Mentally, I am still the same person.  Mentally, I am okay – really, I am.  I am not depressed – I know the clinical signs and they aren’t present.  I am just not peachy-king either.  I am simply, and physically, 365+ days beyond “the event”.  This is where my mind is still holed up and hiding.

This weekend I started cleaning out the apartment in prep for a possible move to another apartment.  I find that I am comfortable (first time ever) giving a bunch of  “stuff” to goodwill.  I went from 6 boxes of Christmas decorations down to 4 boxes.  I’ve gutted one bathroom and put all the nick-knacks in bag to donate.  I’ve been feeling closed in and a need to “cleanse” my surrounding area.

I am rambling and feeling a little woozy from the sleep medication.  Maybe I will take time write – or visit FB and LI to visit with old/new friends.

Maybe I will go on a “spirit quest” and look for the spirit that should be in me.  After all, if I am to spend the next 45+ year left on planet, I want to know how to do it right – where to go, who to see, things to do, and most importantly – who funds this?

Or better yet, get all my friends gathered around and have some type of intervention.
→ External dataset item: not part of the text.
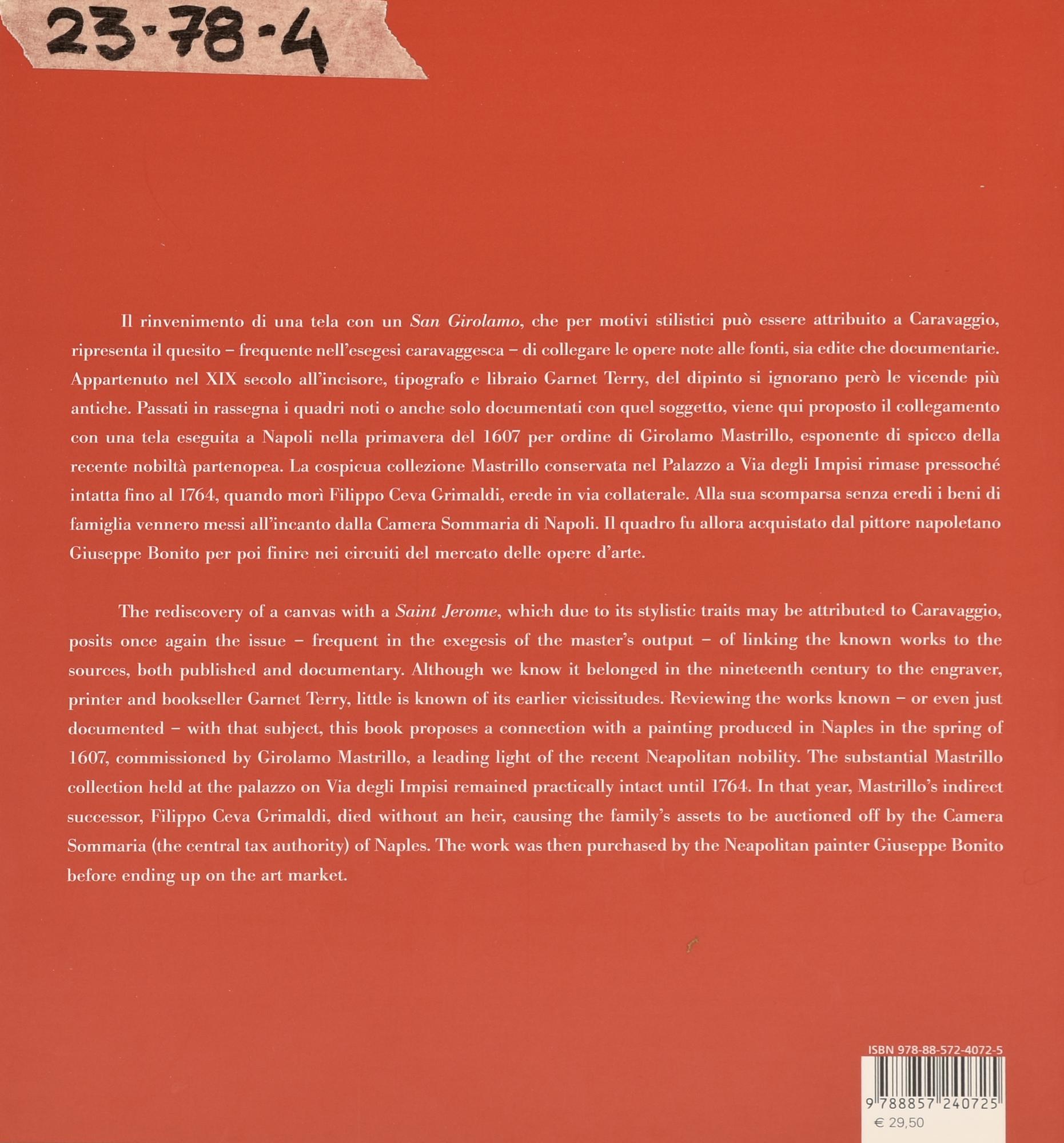 CARAVAGGIO - SAN GIROLAMO libro illustrato riguardante la storia dell'opera...

I have wasted so much of my life , I know I can’t reclaim the past.  I can only try to embrace it

I want to feel excitement

I want to feel free.

(edited because the original dribbled off into meaningless gibber)
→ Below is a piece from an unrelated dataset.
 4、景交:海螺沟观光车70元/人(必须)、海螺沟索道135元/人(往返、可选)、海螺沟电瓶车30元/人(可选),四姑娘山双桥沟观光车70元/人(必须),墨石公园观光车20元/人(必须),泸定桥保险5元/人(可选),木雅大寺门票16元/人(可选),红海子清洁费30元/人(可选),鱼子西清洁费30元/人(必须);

Another hospital visit…but luckily not mine!!

I was very pleased to return a very special favor to a good friend.  She needed a ride to the hospital for a routine colonoscopy.   Considering that I have already “been there/done that” I was able to keep her thinking positively.  Everything turned out okay and she tooted her way home in my car blissfully mellowed from the medications.

I will be planning another hospital visit myself…unfortunately.  I will be meeting with the surgeon on January 13th to discuss when to plan the 2nd surgical intervention.  My case was presented to the group of GI docs and surgeons last week.   It was a doctor group consensus that I have a partial blockage that needs to be resolved.  This will solve part of the problems I have been struggling with over the past year.  I am currently on a low starting dose of a  medication that might address the other problem – esophageal spasms.   The medication has a downside of lowering blood pressure and mine is already a little low.  Today, they upped the dose so if there are going to be problems they will probably be present soon enough.
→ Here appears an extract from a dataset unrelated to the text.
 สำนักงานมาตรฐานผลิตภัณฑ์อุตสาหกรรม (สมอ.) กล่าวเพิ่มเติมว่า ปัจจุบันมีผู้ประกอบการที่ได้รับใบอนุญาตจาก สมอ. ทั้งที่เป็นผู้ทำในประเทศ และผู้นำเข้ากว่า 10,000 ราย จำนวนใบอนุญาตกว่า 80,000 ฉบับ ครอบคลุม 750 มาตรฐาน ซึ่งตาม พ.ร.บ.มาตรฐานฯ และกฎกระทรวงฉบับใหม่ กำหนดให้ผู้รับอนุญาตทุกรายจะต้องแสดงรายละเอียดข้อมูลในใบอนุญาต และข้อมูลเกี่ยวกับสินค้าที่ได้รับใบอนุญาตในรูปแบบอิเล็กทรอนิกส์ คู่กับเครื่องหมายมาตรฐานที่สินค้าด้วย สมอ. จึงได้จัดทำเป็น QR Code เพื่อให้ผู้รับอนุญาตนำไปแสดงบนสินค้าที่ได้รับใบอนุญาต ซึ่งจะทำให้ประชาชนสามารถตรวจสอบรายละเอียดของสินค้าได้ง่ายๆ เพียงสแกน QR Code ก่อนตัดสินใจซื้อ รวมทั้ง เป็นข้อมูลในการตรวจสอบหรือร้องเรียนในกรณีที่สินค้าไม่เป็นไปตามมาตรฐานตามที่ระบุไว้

They also bumped me from12-hour pump cycle back up to a 14-hour pump cycle because I was having some serious sugar crashes during the time off the pump.  So, I will be monitor both my blood sugars and my blood pressure a couple times a day.

I am plugging along on TPN/iv nutrition.  I’ve had problems with swollen joints, water weight gain, hair loss, bruises, cold feet and hands, sore muscles…..but I know it make take some time to tweaking my formula.  I am trying to start a very light exercise program right now to build up so much of the muscles lost during the last year. I do have a little more energy during the day – I only have short cat naps now and then instead of sleeping for hours at a time.

I’ve decided not to post anymore about the surgical issue until after I meet the surgeon on the 13th of January.  DON’T PANIC!  I will still be posting but not about the upcoming surgery.  I am not in a good place about the surgery and my chances for “complete recovery”.  I will chat about this more after I meet with the surgeon.  Right now, I just want to keep my mind focused on other things.  I need the mental strength about for the holidays.  They are going to be draining me as it is – emotionally, physically and financially.  Today is the last day of school for 2 weeks for the boys…oh joy…I wonder how many minutes it will take until I hear the all-to-familiar “I’m so bored”.

I will be posting daily – my goal!  These will be general postings about my observations of the world around me.  I think you will enjoy my twisted displays of humor.